Finding Myself on a Road Trip to Creede, Colorado

(This is the original version of a column I wrote for The Dallas Morning News. I like this version better only because it’s a little longer.)

We were somewhere outside of Amarillo driving toward Colorado when the feeling kicked in. It happens once every road trip. Usually I’m with my wife, but this time I was driving with a photographer on our way to the Continental divide.

Anyone who’s been over-served at a bar with his friends has had that post-midnight moment where it dawns on him to say, brilliantly, “Guys, we could buy this bar. And live in it.” It’s like that, but for me it comes when I see some little modern-day version of a Norman Rockwell village outside the car window passing by at 60 miles per hour.

I usually say to my wife, “Honey, we could move here. I could buy the little newspaper. You could get your nurse practitioner license and be like the doctor in Northern Exposure. We’d know everyone in town. We’d have Sunday dinner with Sheriff Andy Taylor. They probably have pie-baking contests, like, every week.”

I didn’t this time, what with the wife at home and the guy next to me looking nothing like her. But the feeling was there.

I’ve lived the bulk of my adult life in The DFW, as we in-the-know people call it. I style (key word, there) myself an outdoorsy type. More rugged than the fey, urbanized types both in my profession and among my friends, who think a hunting expedition is the twice-yearly sale at Nordstrom. They don’t have calluses on their hands. OK, granted, mine are because I’m too cheap to buy weight-lifting and gardening gloves, but still.

Our destination was a little town called Creede, Colorado. The year-round population is 400. This is man’s country, by God, and it made me feel ditto.

For a day. Then I relearn what I block out every trip.

“It’s only 8:45 at night. How can the restaurant be closing in 15 minutes?”
“There’s no 24-hour pharmacy?”
“What do you mean, ‘What’s a Starbucks?’”
“Walk? To there? What am I, a steroid-pumped Chinese Olympian?”

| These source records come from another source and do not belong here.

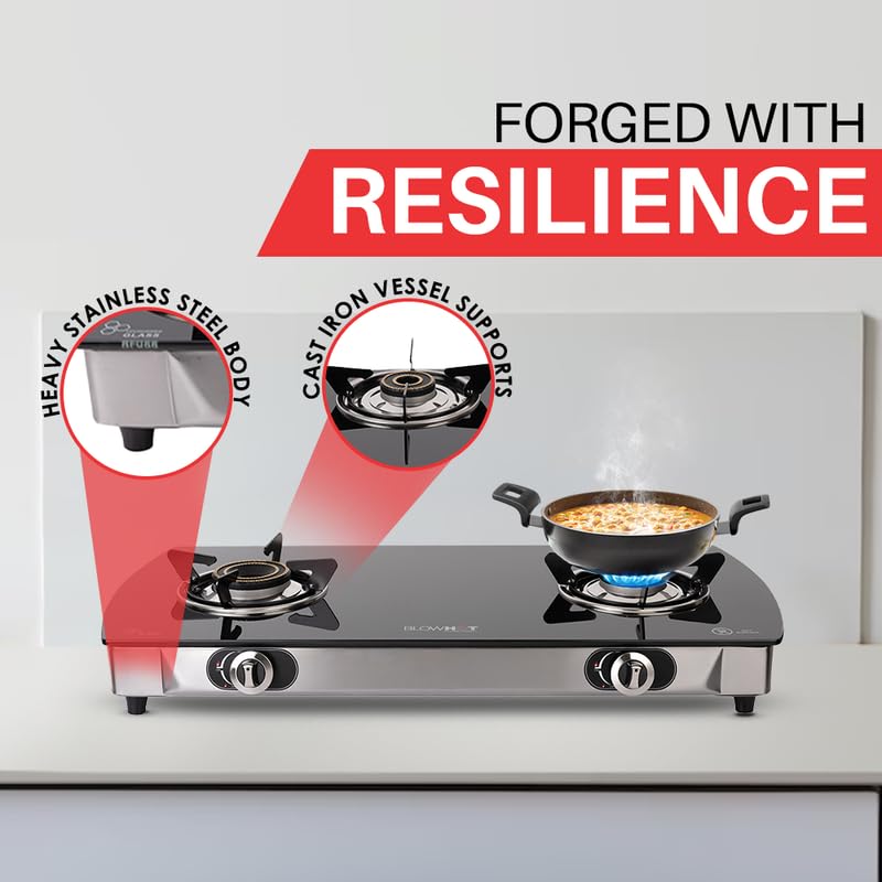 BLOWHOT Heavy Brass Burner 2 Burner Manual Gas Stove – Toughened Glass Cook Top – ISI certified-Stainless Steel Frame – 2 Year Warranty By Blowhot…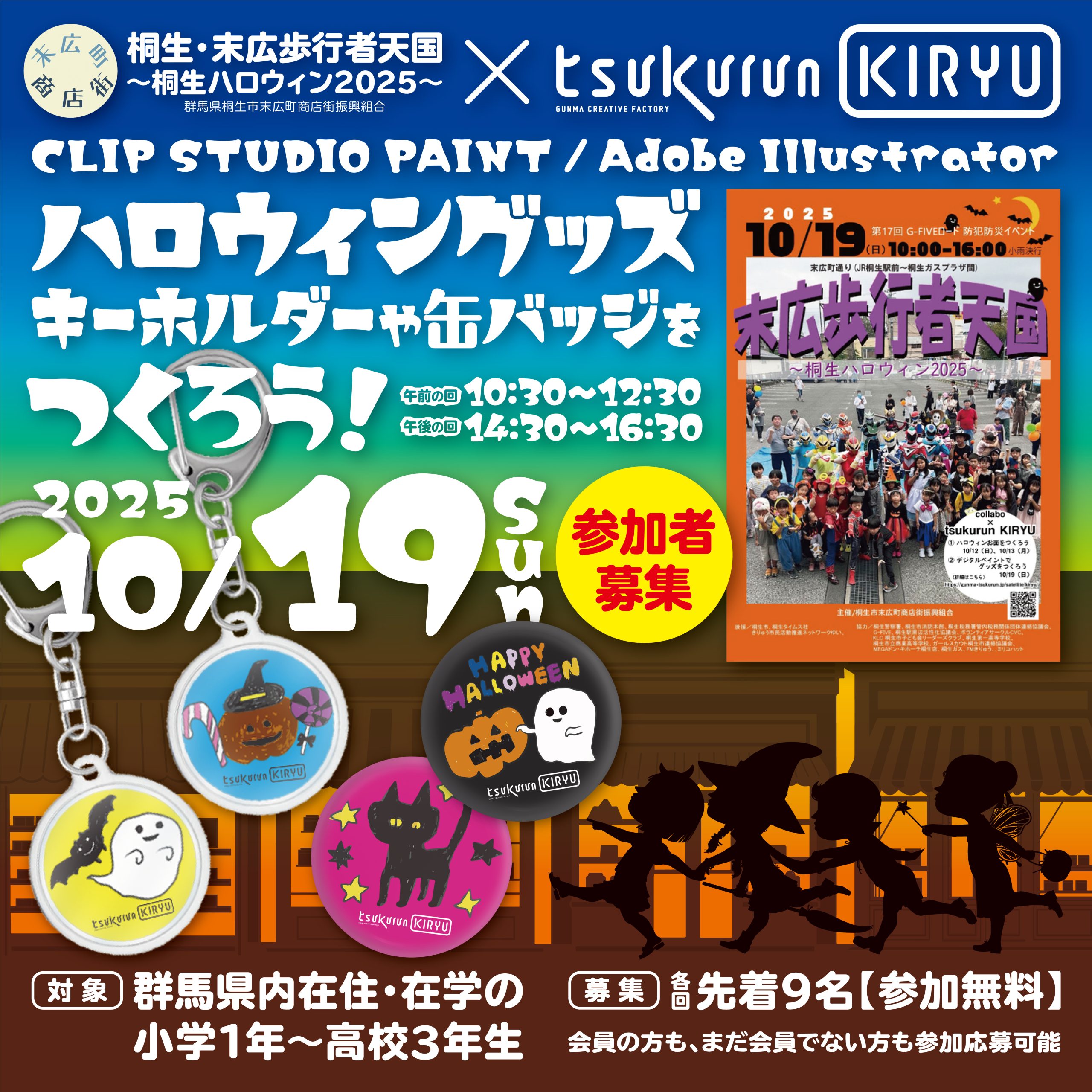 tsukurun KIRYU ☆ 10/19(日) ☆ ハロウィングッズ キーホルダーや缶バッジをつくろう!【桐生・末広歩行者天国 〜桐生ハロウィン2025〜 コラボレーション】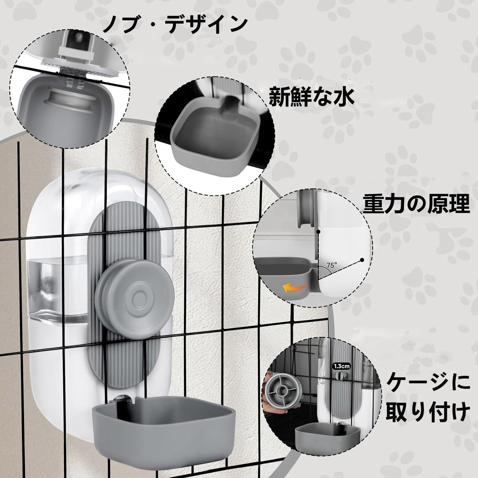 【在庫処分】犬 水飲み器 猫 水飲み器 自動給水器 猫 給水器 ケージ用犬 給水ボトル大容量0.8Lウサギ 水飲み 犬のみずのみ器こぼれない自動給水機 吊り下げ式ペット 水飲み器 ペットボトル ペット用品 取付け簡単 お留守番対応犬 給水器 ペットボトル(グレー自動給水器) | GIGATERA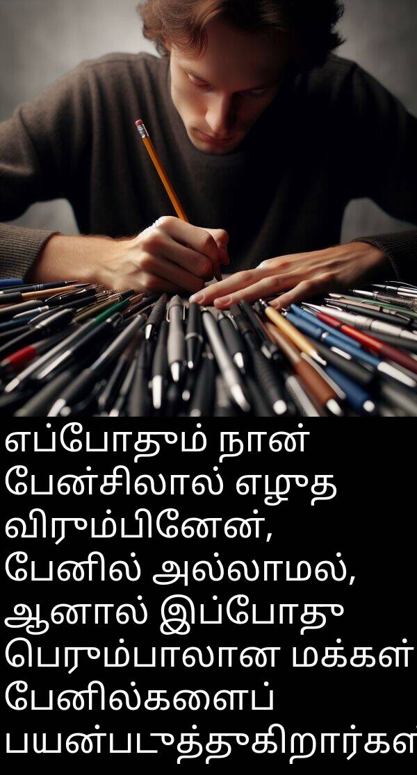 எப்போதும் நான் பேன்சிலால் எழுத விரும்பினேன், பேனில் அல்லாமல், ஆனால் இப்போது பெரும்பாலான மக்கள் பேனில்களைப் பயன்படுத்துகிறார்கள்.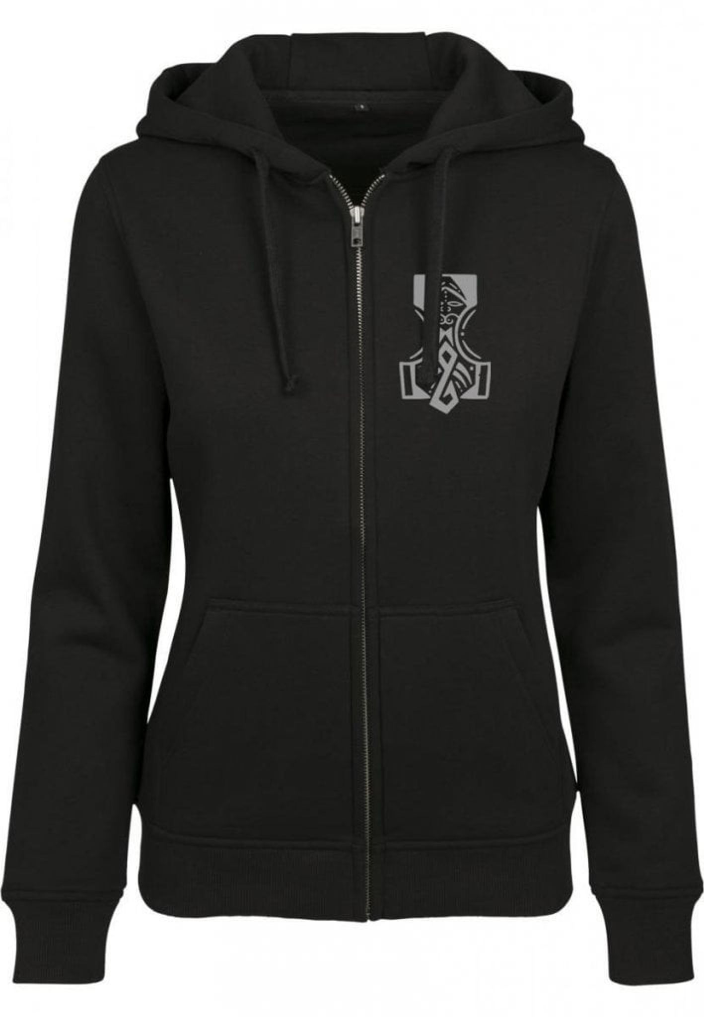 En skön ziphoodie med en grå version av den klassiska Mjölner eller Tors hammare som den är mer känd som.

The charm of being in a town with just 400 people gives way to the horrifying realization that you are in a town with only 400 people. When you’re in an office building, you say good morning the first time you pass a co-worker in the hall. The second time you grin, raise your eyebrows, and nod. The third time you get intensely interested in anything that allows you to avoid eye contact. If you see you’re headed towards the bathroom at the same time, you go and hide behind the copy machines.

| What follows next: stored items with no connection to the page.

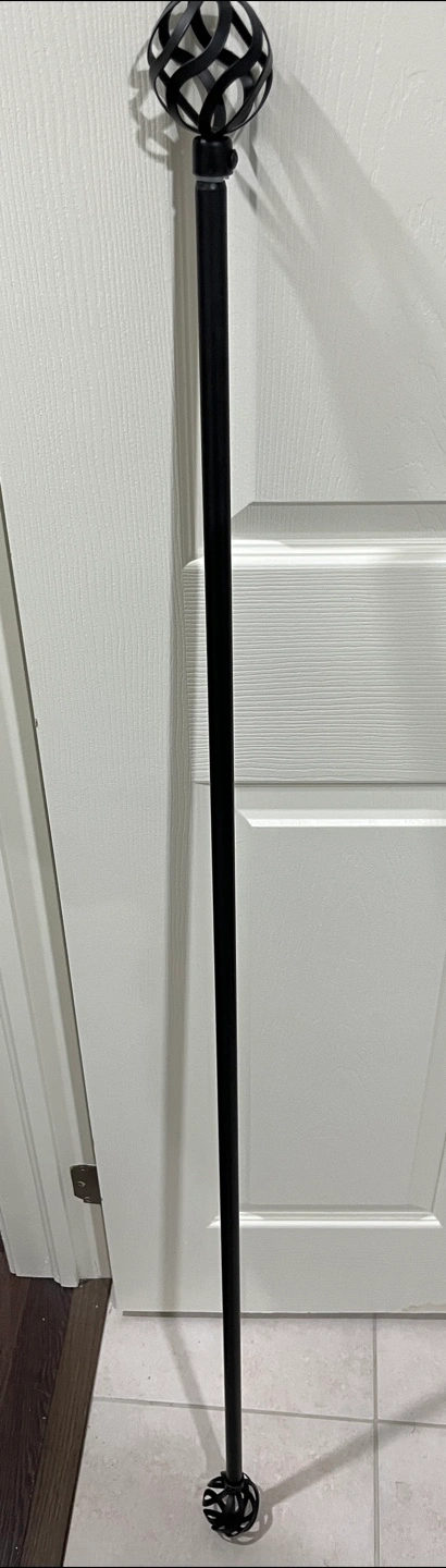 Elegant black metal curtain rod. Features decorative finials. Excellent for adding a touch of style to your windows.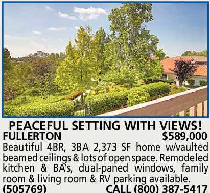 (505707) CALL (800) 679-5678 PEACEFUL SETTING WITH VIEWS! FULLERTON $589,000 Beautiful 4BR, 3BA 2,373 SF home w/vaulted beamed ceilings & lots of open space. Remodeled kitchen & BA’s, dual-paned windows, family room & living room & RV parking available. (505769) CALL (800) 387-5417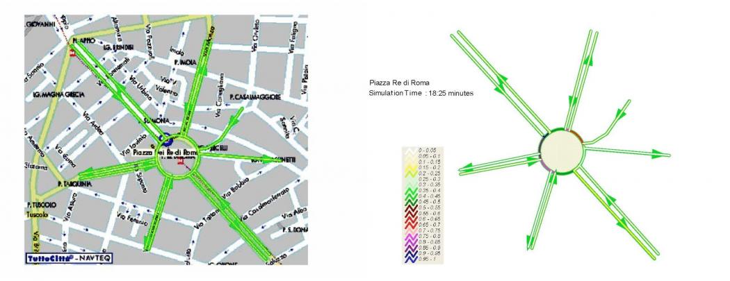 Figura 4: Immagine della rotatoria di piazza Re di Roma (Roma) e risultato della simulazione corrispondente che utilizza il modello fluidodinamico su rete.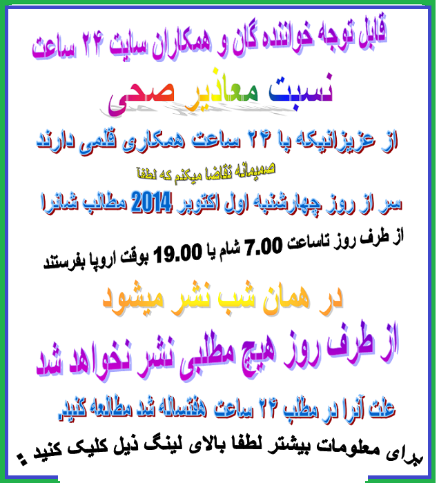 تاریخ نشر پنجشنبه دوم دلو۱۳۹۳ – ۲۲ جنوری ۲۰۱۵ هالند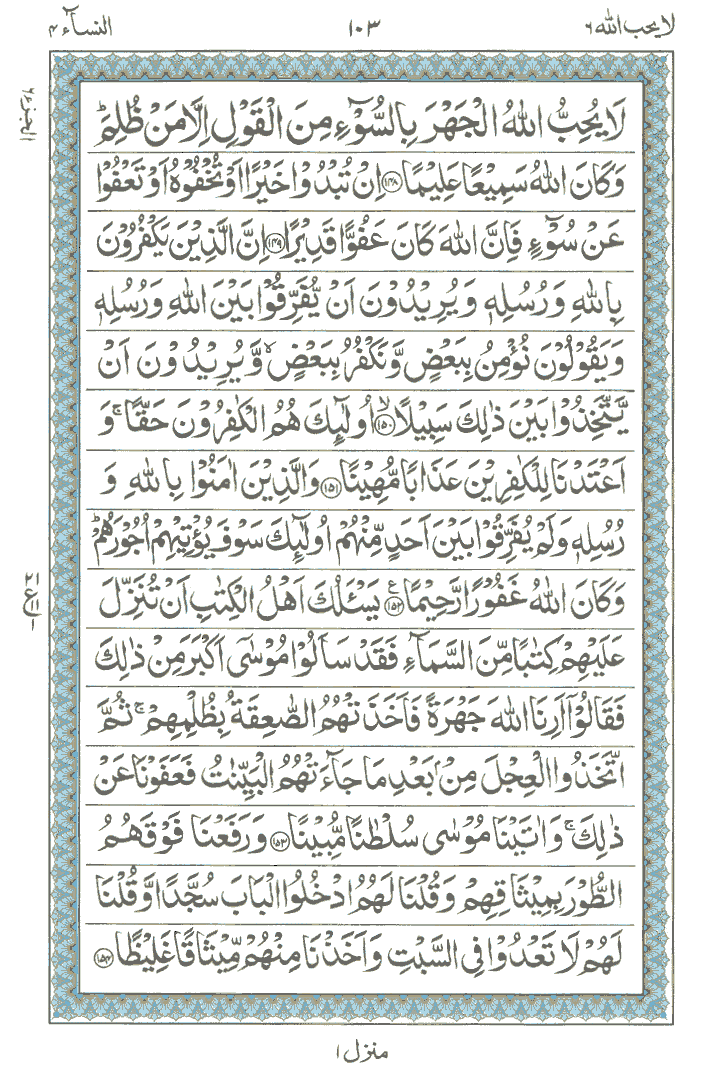 JUZ No. 6 Surah No. 4 " An-Nisa' " Ayat No. 148 to 176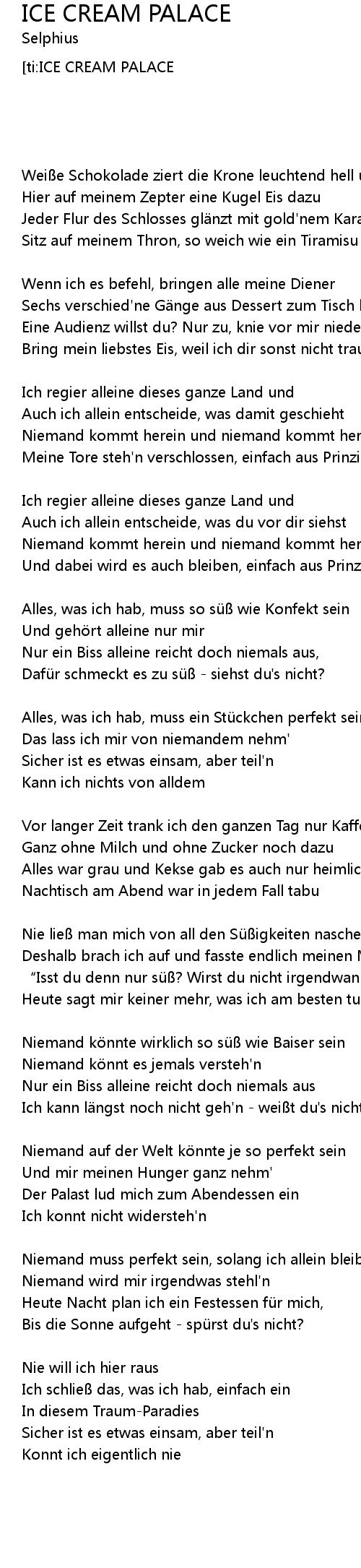 | [00:33.24] | Hier auf meinem Zepter eine Kugel Eis dazu |
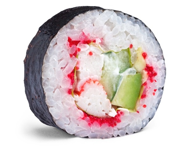 крабовые палочки, сливочный сыр, икра масаго, огурец, авокадо, рис, нори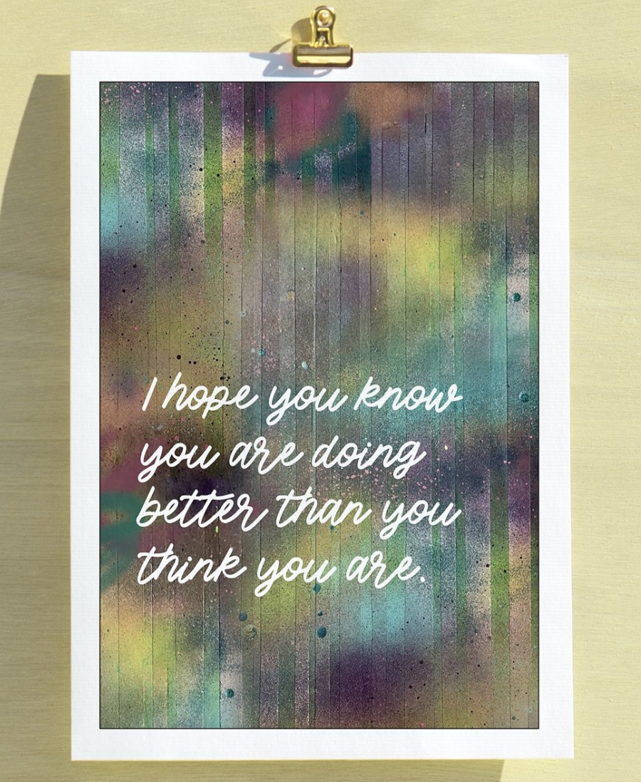 Giclée Art Print with digital words over mixed media spray paint and tape.

That’s what it’s like walking around Creede. You realize that if, hypothetically speaking, you go out and enjoy the wild, late-night (8 p.m.) bar scene, and you are over-served and make a fool of yourself with that stuffed elk I couldn’t get my foot out of, anyone who doesn’t see it in person will hear about it within an hour. God bless the alienating, soul-crushing anonymity of the big city.

And good Lord, these people are fit. Annoyingly so. Look, you can’t trust anyone who owns more than three types of extreme sports equipment. There’s always something wrong with their feet and they have exactly no problem in shedding their shoes and socks and whittling away at whatever is the problem. Right there on a dining patio.

The cabin where I stayed – it belongs to a well-known Dallas restaurateur – was plush, like something from a Ralph Lauren catalogue. Still, I found myself pouting like a girl over the water pressure. And help me Jesus, but how can there be that many insects in the Alpine zone? As I gazed in the mirror, the dry air making me realize I hadn’t packed (forgive me, Dad) my moisturizer, a moment of clarity occurred.

“Yep, I’m a dandy.”

I couldn’t get back to Dallas fast enough. We drove through the night at speeds I can’t mention.
As the dawn broke we did likewise the outer boundary of The DFW. I savored the sweet, ozone-thick, cool 95-degree morning air. The hum of 24-hour everything. The comforting echo of distant gunfire. The embrace of a people for whom a mile uphill is not, thank you, considered walking distance.

I was back to the soft city. I was home.